In Vers 22 steht das Verb קָנָה / qānāh mit der Grundbedeutung „erwerben, kaufen“ und einer weiteren Bedeutung „schaffen, hervorbringen“1. Deswegen übersetzen manche mit „hat mich gehabt“ oder „besaß mich“. Für die Übersetzung „hat mich geschaffen“ spricht, dass bereits die vorchristliche griechische Übersetzung der Septuaginta so übersetzt hat.
Andererseits sagt die Weisheit in den Versen 24 und 25, dass sie „geboren“ wurde. Das ist etwas grundsätzlich anderes als „geschaffen“. Ein Kind, das geboren wird, hat dasselbe Wesen wie seine Eltern. Ein Geschöpf unterscheidet sich in seinem Wesen von seinem Schöpfer. Aber vielleicht ist diese Präzision im Alten Testament noch nicht zu erwarten. Es sollte einfach gesagt werden, dass die Weisheit schon vor Beginn der Schöpfung da war.

Die Version der Neue-Welt-Übersetzung „hervorgebracht“ am Beginn von Vers 22 ist durchaus passend. Allerdings hat diese Übersetzung „hervorgebracht“ auch in 24 und 25.

Auch das Verb נָסַךְ / nāsak in Vers 23 ist nicht einfach. Es gibt zwei gleichlautende Stämme, einen mit der Bedeutung „gießen“ und einen mit der Bedeutung „flechten, weben, decken“. Von der Bedeutung „gießen“ leitet sich wegen der Verwendung dieses Worts bei Trankopfern die Bedeutung „weihen, einsetzen“ ab.
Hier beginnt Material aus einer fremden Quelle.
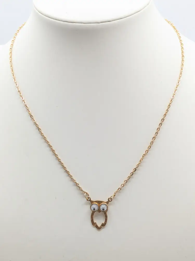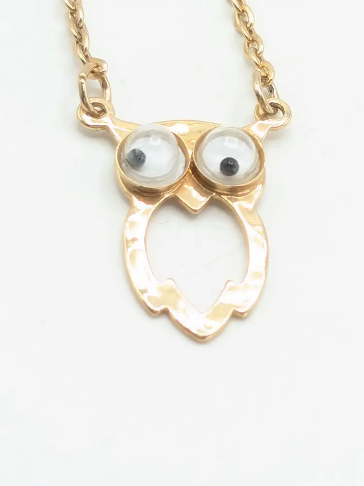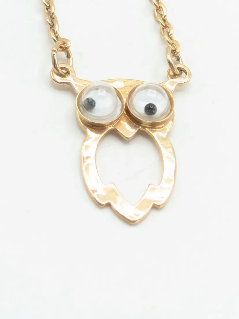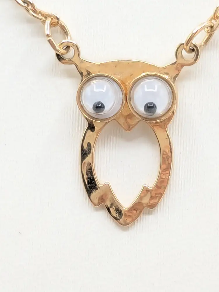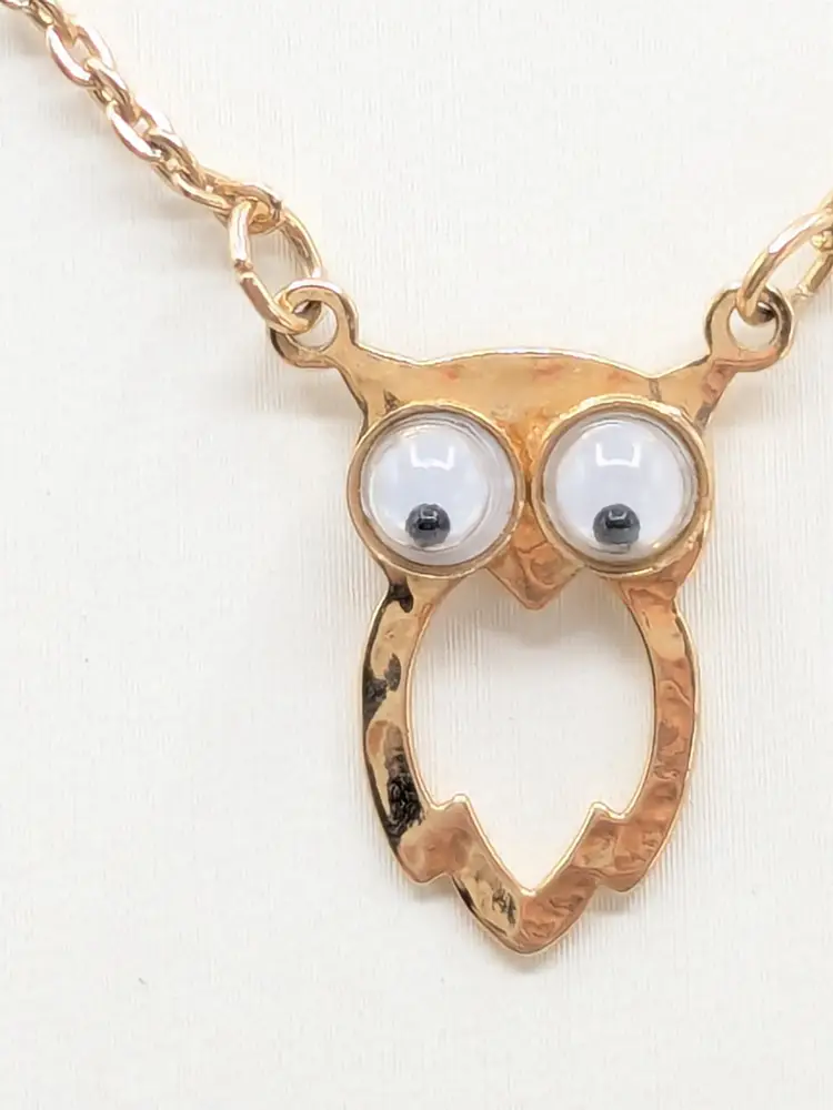 C'mon everyone needs a googly eyed owl necklace. Good condition. Child's necklace. Gold tone is bright and shiny with no color loss. Eyes move. Clasp is marked SC for Sarah Coventry. Circa 1970's. Chain measures 14". Pendant owl measures 3/4" in length and 3/8" wide. EN3

Die Septuaginta hat hier „hat er mich gegründet oder grundgelegt“. Die Einheitsübersetzung hat sich mit der Version „gebildet“ offensichtlich auf den zweiten Stamm „flechten, …“ gestützt. Mit der Bedeutung „eingesetzt“ würde dieser Vers bedeuten, dass die Weisheit bereits vor der Schöpfung vom Schöpfer ihre Aufgabe bei der Schöpfung zugewiesen bekommen hat.

Die Übersetzung ist nicht einfach. Man kann aber nicht einfach sagen, dass die Weisheit ein Geschöpf Gottes ist. Dann hätte es ja Gott, bevor er die Weisheit geschaffen hatte, an Weisheit gemangelt. Dann wäre Gott aber nicht Gott, der vollkommen und ohne jeden Mangel ist. Die vollkommene Weisheit ist eine Eigenschaft Gottes, ohne die es Gott nicht geben kann.
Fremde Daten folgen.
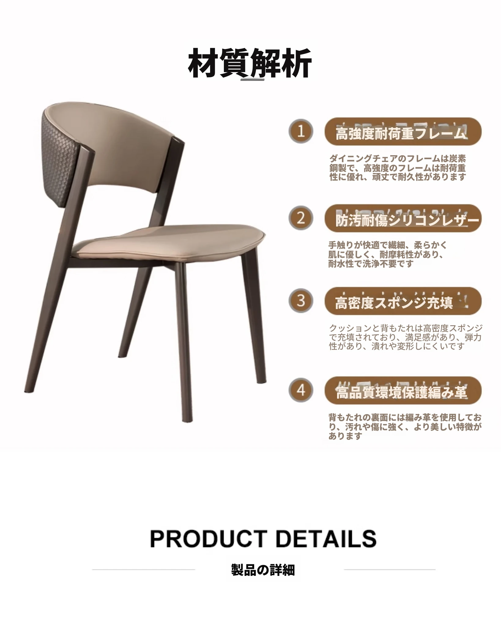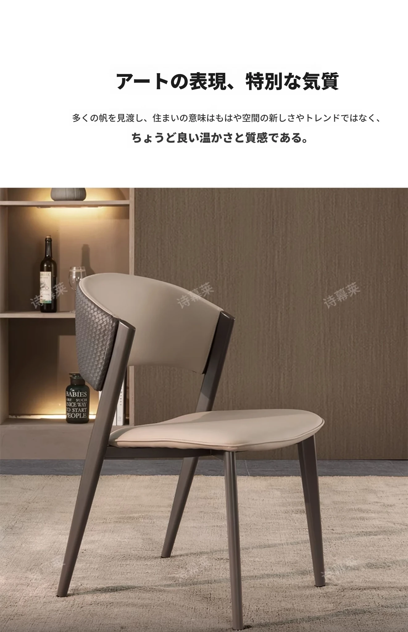 イタリアンラグジュアリー・ミニマルダイニングチェア「ミラノチェア」|高級感あふれるソフトパック背もたれ・レザー仕上げ|家庭用ダイニング、カウンターテーブルに最適なスタイリッシュな一脚!

Vielleicht wollte der Autor von Sprichwörter 8 einfach nur die grundlegende Bedeutung der Weisheit darlegen. Gott hat die Welt in seiner Weisheit geschaffen. Ohne die Weisheit gäbe es keine Schöpfung. Darum sollen auch wir als seine Geschöpfe immer nach der Weisheit trachten, deren Anfang die Furcht des HERRN ist.
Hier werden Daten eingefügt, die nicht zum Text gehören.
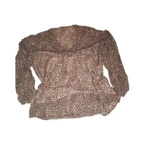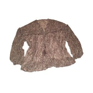 Unbranded top Womens 2XL brown sheer cheetah long sleeve ruffle Coastal Cowgirl

Die Furcht des HERRN ist Anfang der Erkenntnis, nur Toren verachten Weisheit und Erziehung. (Sprichwörter 1,7)

Aber die Worte aus Sprichwörter 8 können auch eine Vorbereitung auf die volle Offenbarung sein, die uns Gott durch Jesus Christus geschenkt hat, der das ewige Wort Gottes und seine Weisheit in Person ist.

23 Wir dagegen verkünden Christus als den Gekreuzigten: für Juden ein Ärgernis, für Heiden eine Torheit, 24 für die Berufenen aber, Juden wie Griechen, Christus, Gottes Kraft und Gottes Weisheit. (1 Korinther 1,23-24)

In ihm sind alle Schätze der Weisheit und Erkenntnis verborgen. (Kolosser 2,3)

Ergänzend möchte ich noch aus der Erklärung der Jerusalemer Bibel zu Sprichwörter 8 zitieren:

Die Liturgie bezieht Spr 8,22f aufgrund eines nicht wörtlichen oder typischen, sondern „angepassten“ Schriftsinnes (Akkommodation) auf Maria, die Mitwirkende des Erlösers, wie die Weisheit Mitwirkerin des Schöpfers ist.

Es handelt sich hier wirklich um einen „angepassten“ Schriftsinn, wo nicht die Lehre an die Schrift, sondern die Schrift an die Lehre angepasst wird.


  1. Im Wörterbuch von Gesenius, 18. Auflage, wird aber angenommen, dass es sich um zwei gleichlautende, aber grundsätzlich verschiedene Wortstämme handle.